As oldman said, likely one person made a remark and it spread so others were
reluctant to enjoy the cake.  Really silly to me because we have hot cross buns
at Easter and the frosting is put on in the shape of a cross.
Everyone I know enjoys hot cross buns before, during and after Easter.


----------



## SifuPhil (Mar 17, 2015)

And this coming from the same people who figuratively eat His flesh and drink His blood ... I definitely believe they over-reacted.


----------



## QuickSilver (Mar 17, 2015)

I wouldn't bring a cake again... however I personally would be looking for a different Church.  That was just nasty.


----------



## debodun (Mar 17, 2015)

Raven, now that you mention it, I did see hot-cross bund at last Easter's luncheon. They were not eaten, either. Yet I saw people eating chicken stew where an animal had to die to make it. Go figure.


----------



## DoItMyself (Mar 17, 2015)

Peoples' beliefs can make them act/overreact in strange ways.  I have a friend who attends a church where singing is not allowed.  It doesn't make sense to me, but it's his belief and I'll respect that.


----------



## QuickSilver (Mar 17, 2015)

IMO organized religion is like a buffet luncheon..   pick and choose..  Take want suits you and vilify the rest..  lol!!


----------



## ronaldj (Mar 17, 2015)

I might have to agree that was nasty.....maybe its time to move one......that would be the perfect cake for such a dinner....but we have some in our church that might think that way ....do all you do for the Lord and forget what people think...I know itios hard


----------



## rkunsaw (Mar 17, 2015)

I would take devils food cake this year.


----------



## Bullie76 (Mar 17, 2015)

Over reaction for sure. But I have to admit, I have never seen a cross shaped cake. Those kind of cakes might be unsual. But even when I go to church I never stay for lunch functions so perhaps more are out there than I realize.


----------



## QuickSilver (Mar 17, 2015)

Bullie76 said:


> Over reaction for sure. But I have to admit, I have never seen a cross shaped cake. Those kind of cakes might be unsual. But even when I go to church I never stay for lunch functions so perhaps more are out there than I realize.

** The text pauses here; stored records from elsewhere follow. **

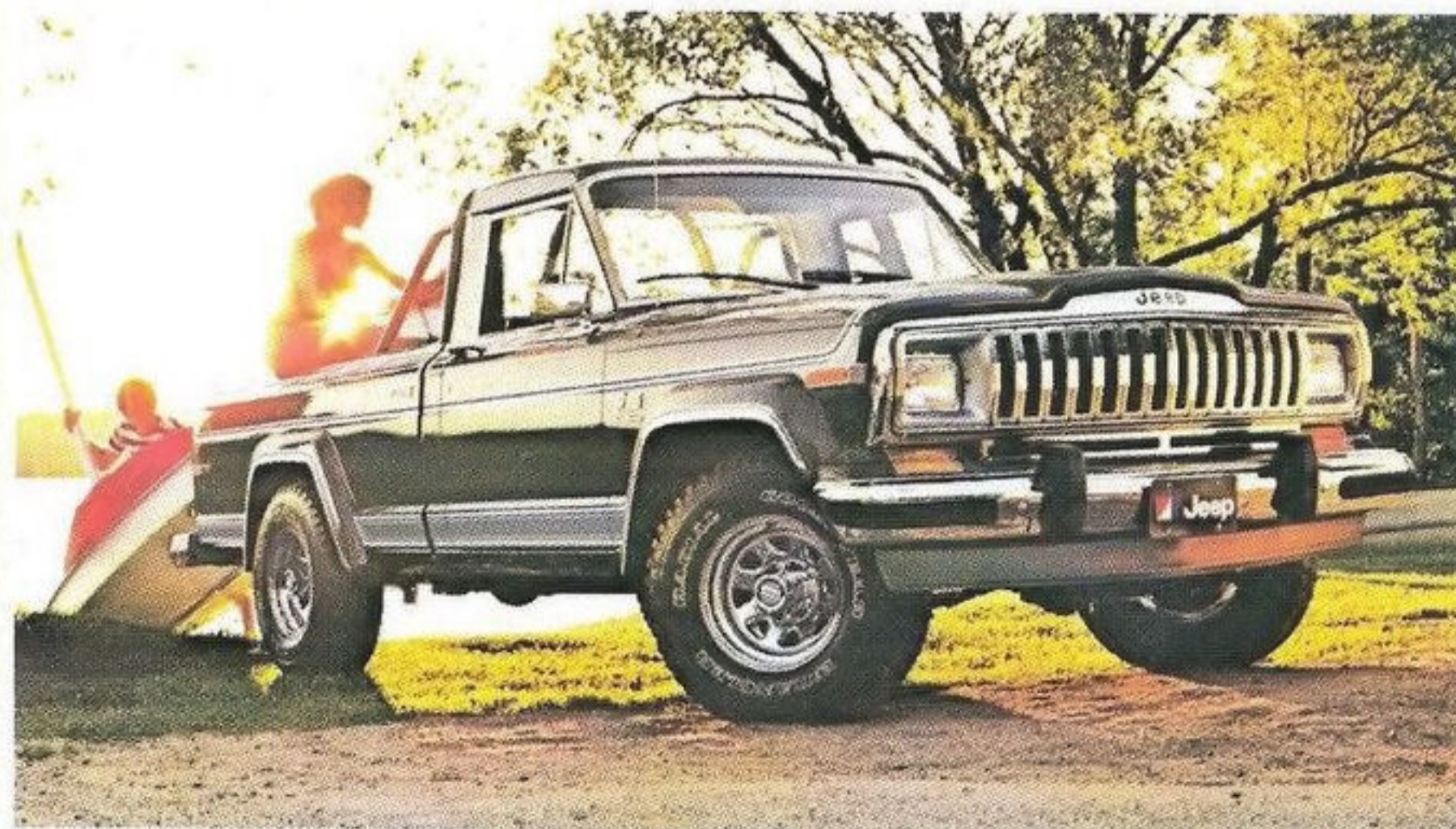
Jeep J-10 Laredo Townside
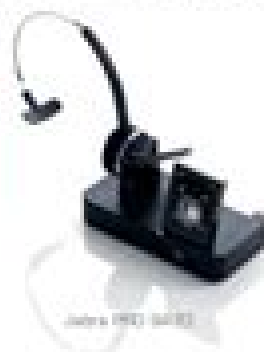
Jabra PRO 9400
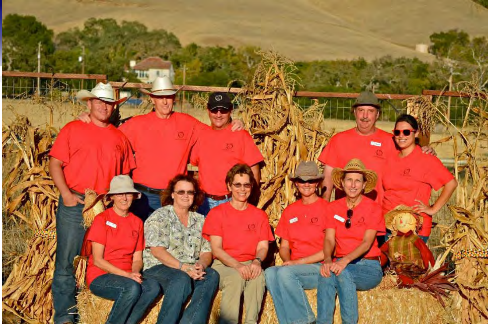
Our Team for the Day
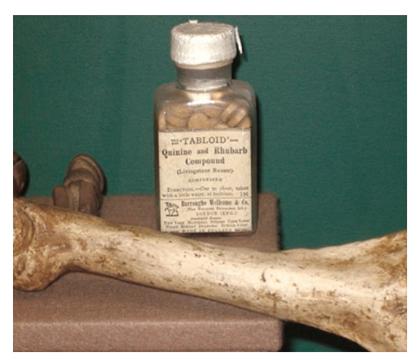
Fig. 2. Livingstone's rousers. The quinine, rhubarb and jalap mixture that Livingstone concocted was later marketed by the Pharmaceutical Company Burroughs Wellcome & Co. This bottle is on display at the David Livingstone Centre in Blantyre. A cast of the bone broken in a lion attack is in the foreground.

edition as the mentor of Sir William Leishman (see article in this special issue by Heather Vincent). Although not the first to use quinine, Livingstone's fame and the reverence in which he was held helped assure systematic use of the drug as Britain extended her colonial rule in the tropics. The drug, still used today, also inspired the production of other drugs, such as chloroquine, a cheap, chemically made quinoline-based alternative. The emergence of resistance to chloroquine has rendered it useless across many parts of the world, but other drugs are available. Many of these are based on a Chinese herbal remedy, artemisinin, of which Livingstone would have approved, given his frequent and diligent experimentation with possible herbal cures for malaria and other diseases. New medicines are also appearing at an impressive rate in efforts led by the Medicines for Malaria Venture (MMV) (Wells et al. 2015), as modern pharmaceutical chemistry is applied to the disease.
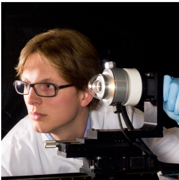
Figure 2 Directional response testing at Hukseflux
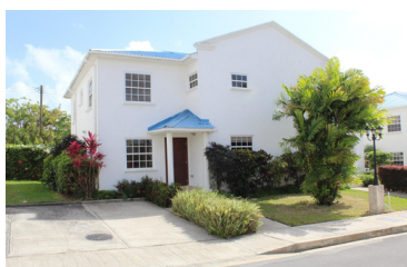
Rowans Town House
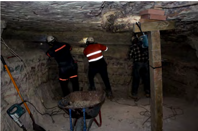
The USA team preparing a half metre deep undercut
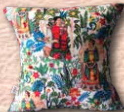
D081 40x40 45x45
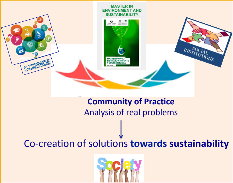
Figure 3. Strong partnerships between the University and Social organizations

Creation of strong partnerships between the University and various private and public organizations: NGOs, enterprises, Town Halls, Regional Government, United Nations system's offices
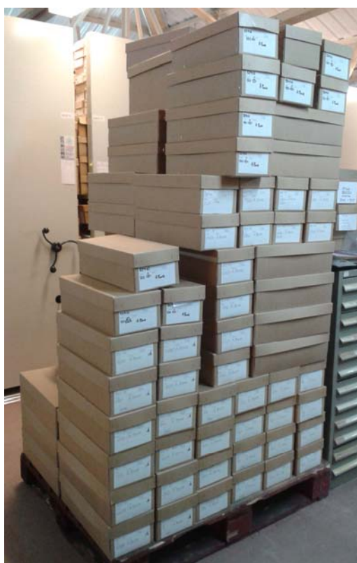
Boxes of bone from the Temple of Mithras site
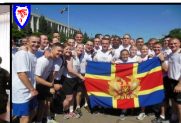
MDASPP13 (in Moldova) Army ROTC - CULP 22 May – 12 June 2013
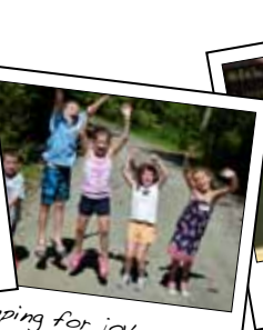
jumping for joy
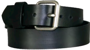
18224 - Black Full Grain Straight Edge Silver Roller Buckle • Snap Off
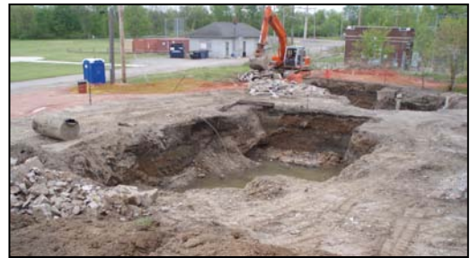
Former Underground Storage Tank Area
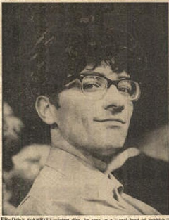
FREDDIE GARRITY—latest disc, he says, is a "real load of rubbish."

Cross shaped cakes are very popular for Christenings of babies... with "God Bless Timmy"  or whatever the baby's name is.  I had them for my two sons' Christening.


----------



## debodun (Mar 17, 2015)

Bullie76 said:


> I have never seen a cross shaped cake. Those kind of cakes might be unsual.



Just Google images - cross cake


----------



## Glinda (Mar 17, 2015)

Don't they have a custom in New Orleans called "King Cake"?  I think a little baby Jesus figurine is baked into the cake and whoever gets the baby Jesus is particularly blessed - or something like that?  Those of you in the know, please clarify if I have this wrong.  Anyway, every Luisianan I've known has loved this custom whether religious or not so I guess it's just a matter of perspective.


----------



## jujube (Mar 17, 2015)

My great-grandmother told me that she had invited the new parson over for dinner and served him devil's food cake for dessert.  She said that some ladies at the church were scandalized about that.  Of course, we're talking the early 1900's.......


----------



## avrp (Mar 17, 2015)

Debodon, I remember another post written by you about this church and how the congregation treated you unkindly.
Maybe time to look for a new church. Something that I have found to be true when looking for church is, there are no perfect ones (as people are not perfect) but there are friendlier ones


----------



## Sunny (Mar 17, 2015)

Want to see a church congregation REALLY overreacting? Watch this, and enjoy. It's always been a big favorite of mine.
https://www.youtube.com/watch?v=K16fG1sDagU


----------



## avrp (Mar 17, 2015)

Sunny said:


> Want to see a church congregation REALLY overreacting? Watch this, and enjoy. It's always been a big favorite of mine.
> https://www.youtube.com/watch?v=K16fG1sDagU



lol..I remember this! It's really funny.


----------



## tnthomas (Mar 17, 2015)

debodun said:


> The ones that replied said they thought a cross-shaped cake was sacrilegious. I won't be bringing that this year - no need on offending people although I see nothing wrong! Do you think a cross-shaped cake is offensive?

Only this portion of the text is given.